Abstract
Differentiation of infectious causes in severely ill children is essential but challenging in sub- Saharan Africa. The aim of the study was to determine clinical indicators that are able to identify bacterial co-infections in P. falciparum infected children in rural Ghana. In total, 1,915 severely ill children below the age of 15 years were recruited at Agogo Presbyterian Hospital in Ghana between May 2007 and February 2011. In 771 (40%) of the children malaria parasites were detected. This group was analyzed for indicators of bacterial co-infections using bivariate and multivariate regression analyses with 24 socio-economic variables, 16 terms describing medical history and anthropometrical information and 68 variables describing clinical symptoms. The variables were tested for sensitivity, specificity, positive predictive value and negative predictive value.

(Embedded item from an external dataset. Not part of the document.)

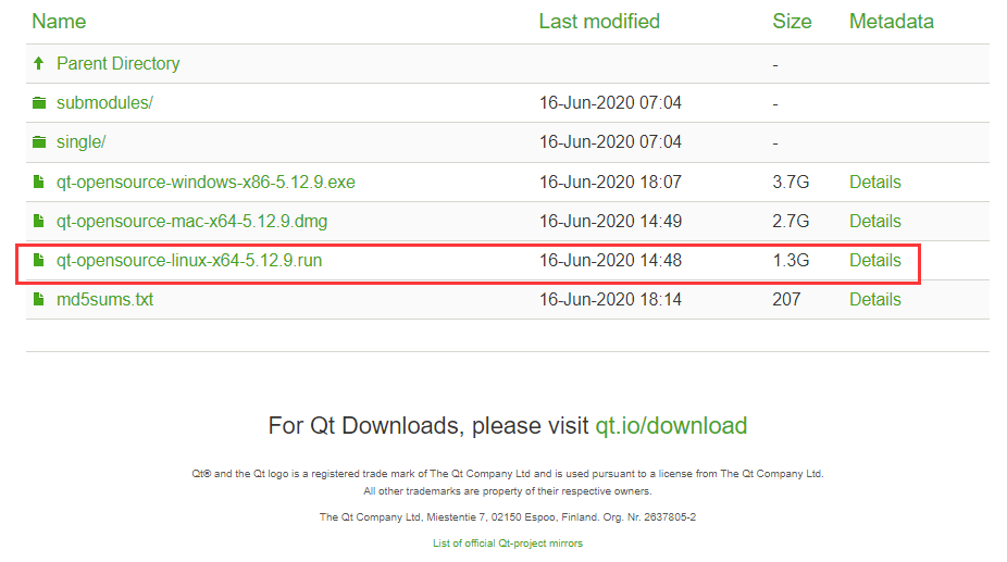 chmod +x qt-opensource-linux-x64-5.12.9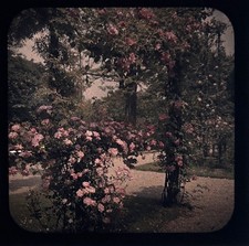 Roses Flowers Garden C1910 Stereo Glass Autochrome Vintage

In 46 (6.0%) of the children with malaria infection, bacterial co-infection was detected. The most frequent pathogens were non-typhoid salmonellae (45.7%), followed by Streptococcus spp. (13.0%). Coughing, dehydration, splenomegaly, severe anemia and leukocytosis were positively associated with bacteremia. Domestic hygiene and exclusive breastfeeding is negatively associated with bacteremia. In cases of high parasitemia (>10,000/μl), a significant association with bacteremia was found for splenomegaly (OR 8.8; CI 1.6–48.9), dehydration (OR 18.2; CI 2.0–166.0) and coughing (OR 9.0; CI 0.7–118.6). In children with low parasitemia, associations with bacteremia were found for vomiting (OR 4.7; CI 1.4–15.8), severe anemia (OR 3.3; CI 1.0–11.1) and leukocytosis (OR 6.8 CI 1.9–24.2). Clinical signs of impaired microcirculation were negatively associated with bacteremia. Ceftriaxone achieved best coverage of isolated pathogens. The results demonstrate the limitation of clinical symptoms to determine bacterial co-infections in P. falciparum infected children. Best clinical indicators are dependent on the parasitemia level. Even with a moderate sensitivity of >60%, only low positive predictive values can be obtained due to low prevalence of bacteremia. Rapid testing for distinguishing parasitemia and bacteremia is essential.
Highlights
Differentiation of infectious causes of febrile illnesses in children presenting to hospitals in rural sub-Saharan areas is a challenge for clinicians, in particular in co-infections [1,2]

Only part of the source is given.